Wisdom, in Woody Allen's case, might involve slowing down his output, so that his film-a-year factory doesn't crank out product characterized mainly by a watery sameness. (Allen's latest, Match Point, received some good notices at Cannes, which may suggest a return to early form. But doesn't every Allen movie raise that hope?) On the other hand, Clint Eastwood seems to be getting stronger with each outing, culminating in this year's Oscar for Million Dollar Baby. There was a point when he might have been remembered only as a squint-eyed punch line, or as the director of such non-classics as Firefox.
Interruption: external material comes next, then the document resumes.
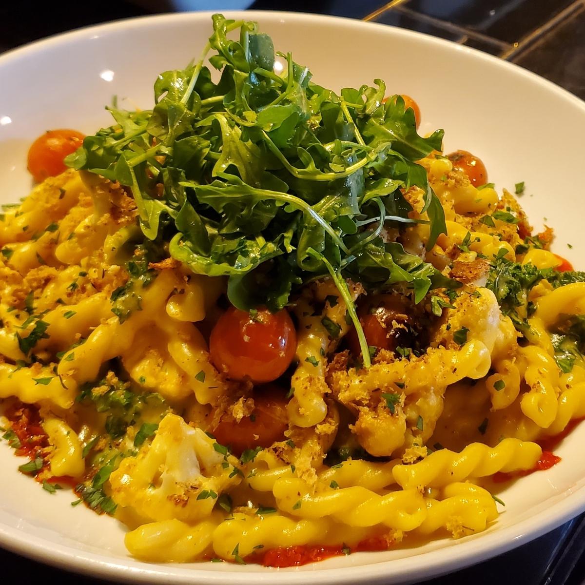 wowwww. they updated the cauli cashew mac to add some spice, and arugula and sweet juicy lil tomatoes that just perfectly complement the flavor profile. it's filling, delicious, and well plated. one of my favorite vegan pasta dishes I've ever had!!!

But since the biopic Bird in 1988, he's spent his capital widely and well, directing everything from tough dramas like Mystic River to the well-crafted ballad The Bridges of Madison County.
In an essay published just after his death, Edward Said -- wrestling with the highly personal issue of his own mortality -- looked at the new patterns forged by artists at the end of their lives, the period he called "late style." He points out that what is often most celebrated about the older artist is a reconciliation or calmness, a summing up of a life's work. But what Said found more intriguing were the artists, like Ibsen, who took all the jigsaw pieces and flung them in the air -- the artists who used the end of their creative lives as a time for unorthodoxy and chaos. "What if age and ill health," he wrote, "don't produce serenity at all?"
At the risk of giving Said heartburn in the hereafter, let us now say two words: Sylvester Stallone. That's right, Sylvester Stallone. At this point in his life, Rocky could sit at home staring at his dining-room table with an image of Brigitte Nielsen carved into it, or look for a home for his kooky mother. And admittedly, he is planning a new Rambo film. But he has also written a screenplay and wants to direct a film about Edgar Allan Poe.
Only a person liberated by age and experience (or one very young and foolish) would embark on such a project, which carries with it the prospect of manhood-shrivelling mockery. More power to the geezer. If not now, when?